Payneful News

Reflections on the life, career, and man that was Payne Stewart.

Yesterday, Monday, October 25, 1999, Payne Stewart headed off to the PGA Championship. He never made it. He died in a plane crash that will take months to explain, and years to get over.

##A touch of class

In an era where sports figures define themselves by the height of the trash heaped around them, Payne Stewart defined himself by his faith, his work ethic, his family, and his country.

##The US Open

Two years ago, he was robbed of his second US Open victory. Lee Janzen had been given a gift by the golf gods, who had reached down from heaven and tapped his ball from the branches of a tree, a gift that netted him 2 strokes in closing the gap with Payne.

And then those same golf gods reached down and gave Payne’s ball the smallest nudge in the fairway after a perfect drive to have his ball come to rest in a divot filled with sand. It was filled with sand because the greens keepers at the Olympic Club didn’t want to wait a couple of extra days to repair any damage done by the players. So, Payne ended up with a sand shot out of a 6 inch sand trap in the middle of the fairway after a perfect drive.

He lost the tournament by one stroke to Lee, and with the class he’s known for, he just said simply that he lost because he wasn’t the best golfer this week and that Lee was. No complaints, just class.

Now, this year, he was in contention again. And the golf gods decided that it was his turn again.

He had just sunk a ridiculously difficult fifteen foot downhill putt to win the US Open and deflate the hopes of Phil Mickelson to win his first major championship. He walked over, took Phil’s face in his hands and reminded him that something much more special was going to happen to him that day: he was going to become a father for the first time.

In his moment of triumph that would silence his critics and forever cement his memory in the minds of golf fans, he took the time to comfort a fellow competitor and remind him and the rest of us of what’s really important.

##The Ryder Cup

The U.S. had just completed one of the greatest comebacks in the history of sport. Down 10 matches to 6 going into the final round of the {glossSub([[1999 Ryder Cup Thoughts]],”Ryder Cup Matches”)}, we came back to win 14 1/2 to 13 1/2. But that’s not the score that by all rights should have been recorded in the sports histories.

It should have been 15 to 13. But Payne Stewart would have none of that.

All day long as he played his match against Scotland’s Colin Montgomery he listened to the abuse heaped on Monty by the raucus fans at The Country Club in Brookline. Later he would say that he was “disgusted by some of the things” that the fans had to say, and that Colin “doesn’t deserve that kind of abuse.”

But this was the 17th hole of his match, and he was even with Colin. He had just made a spectacular sand shot that would probably ensure a halve on the hole at a minimum, probably guaranteeing him a half point in the match, improving his individual statistics for his 5 Ryder Cup appearances. But, as he would later say, his “individual statistics don’t mean crap” in this kind of event. The important this for his was that the U.S. had regained the lost cup.
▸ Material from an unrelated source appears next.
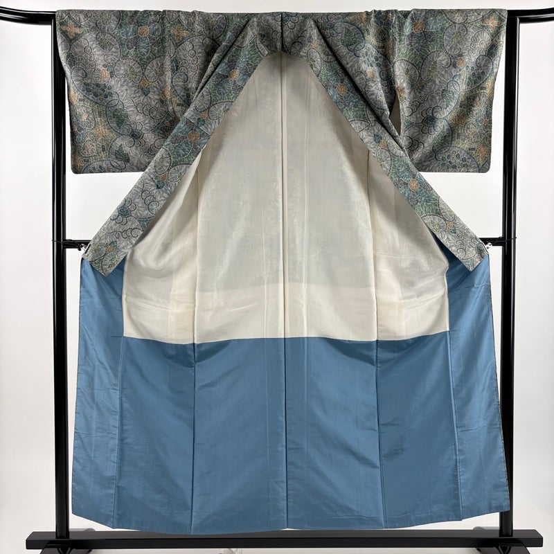 【着物ランク】秀品 【素材】正絹 【身丈】約155cm 【裄丈】約65cm 【袖丈】約47cm 【袖幅】約33.5cm 【前幅】約23cm 【後幅】約28.5cm 【サイズ】M 【着物仕立て】袷 【着用時期】10~5月 【状態ランク】ランクB 【着物着用シーン】気軽なパーティー、観劇、食事会、正月、気軽なお茶会、街着
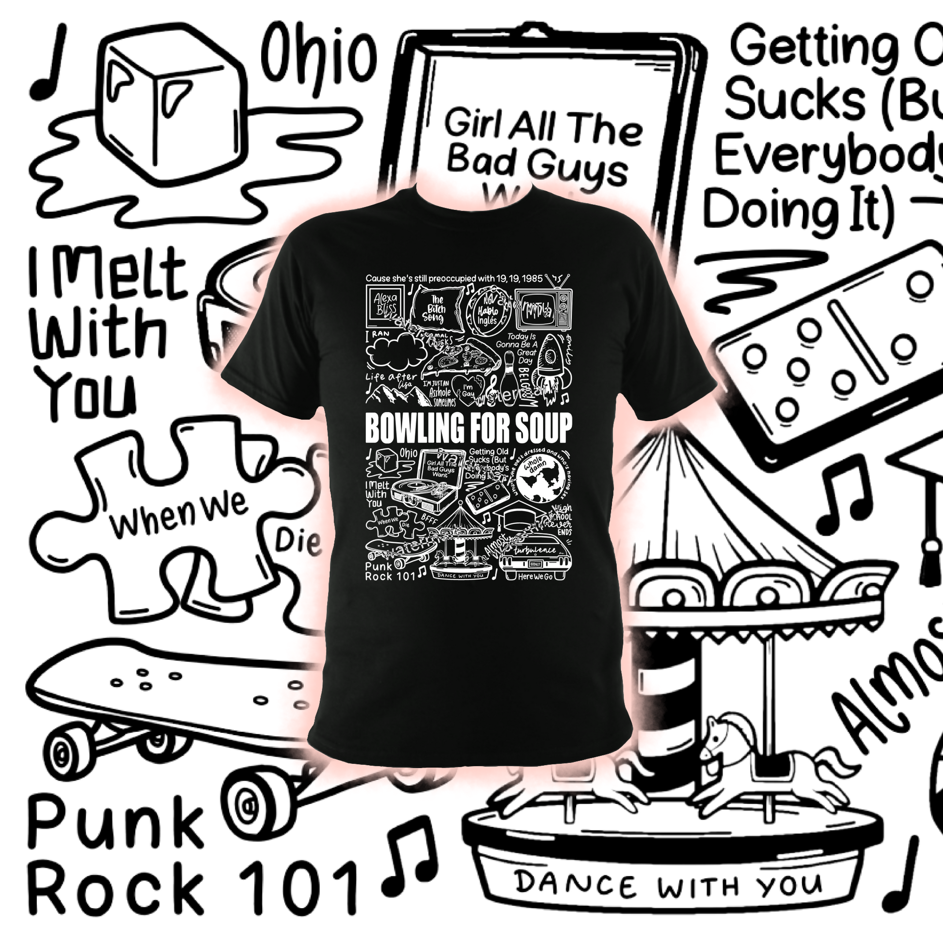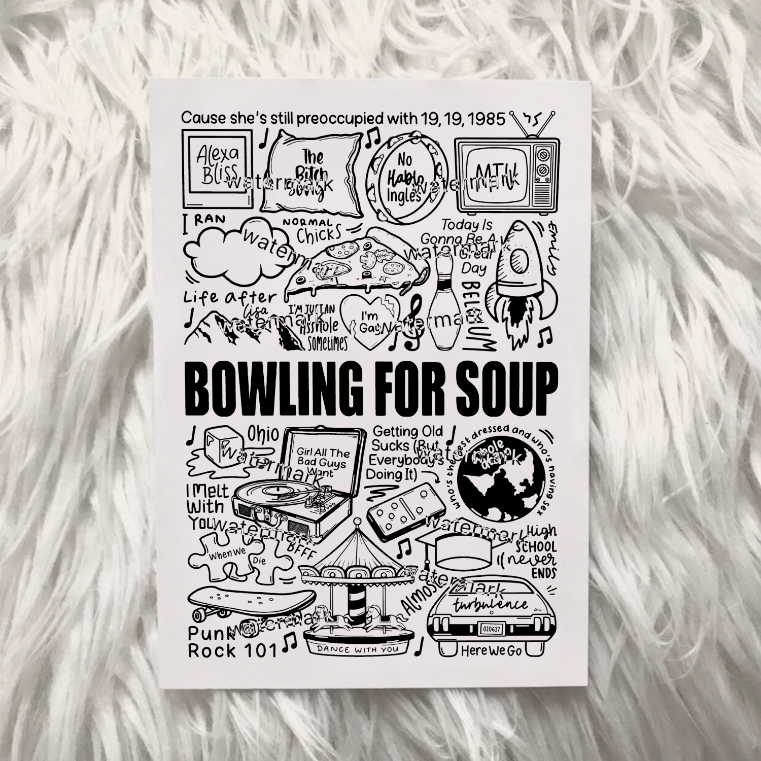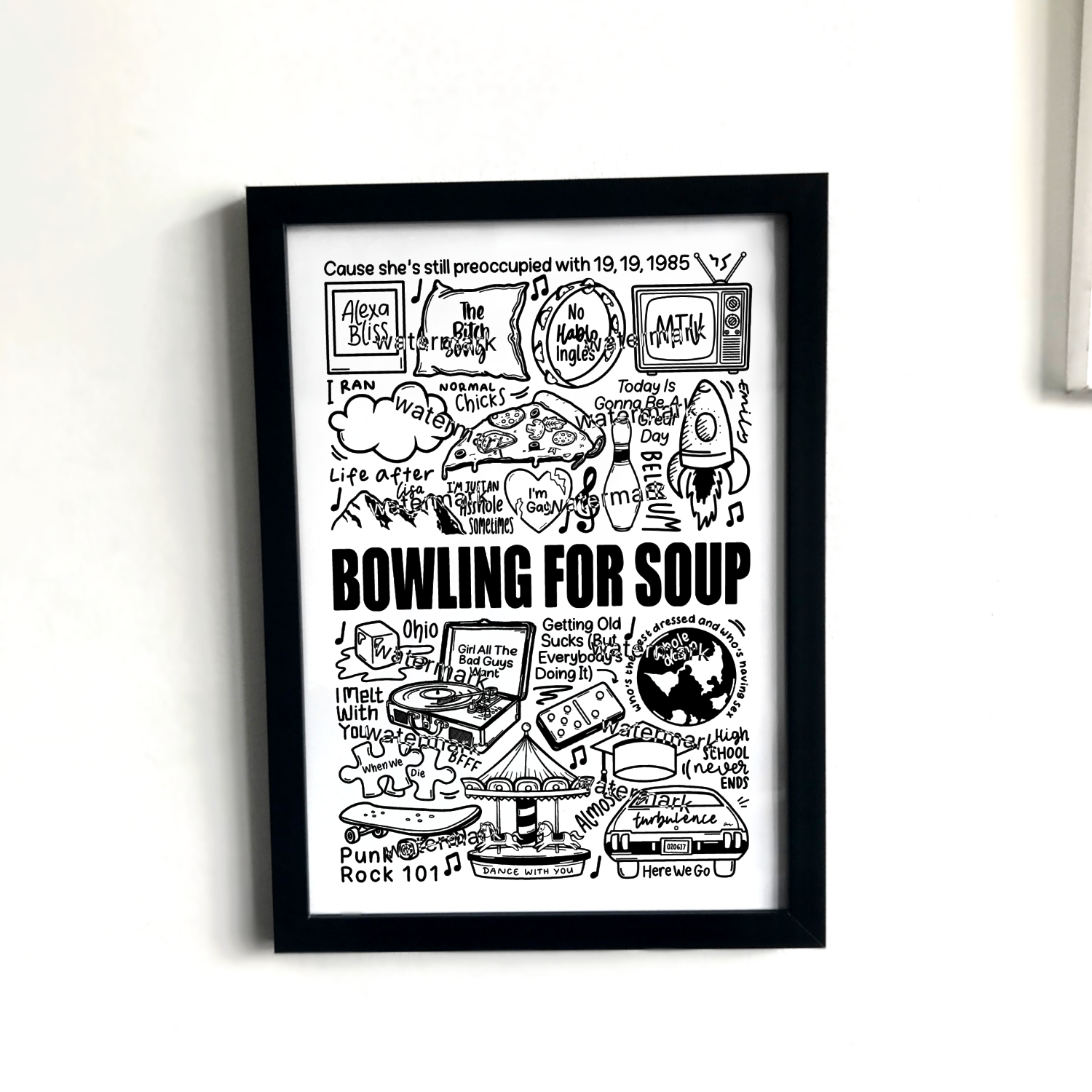 🎶 Affiche imprimée Bowling For Soup créée à l'aide d'un iPad et d'un Apple Pencil. Elle comprend des images et des paroles de chansons de leurs albums.

So he conceded Monty’s (probably) unmakeable putt and the match so as not to put him through any more abuse or torment from the roudy crowds. The cup was decided, his match didn’t matter anymore. But the feelings of his competitor still did.

##Rename the championship

I think it would be a fitting tribute to Payne and his contributions to the class of the game if the PGA were to recognize him by renaming the Tour Championship as *The Payne Stewart Tour Championship*.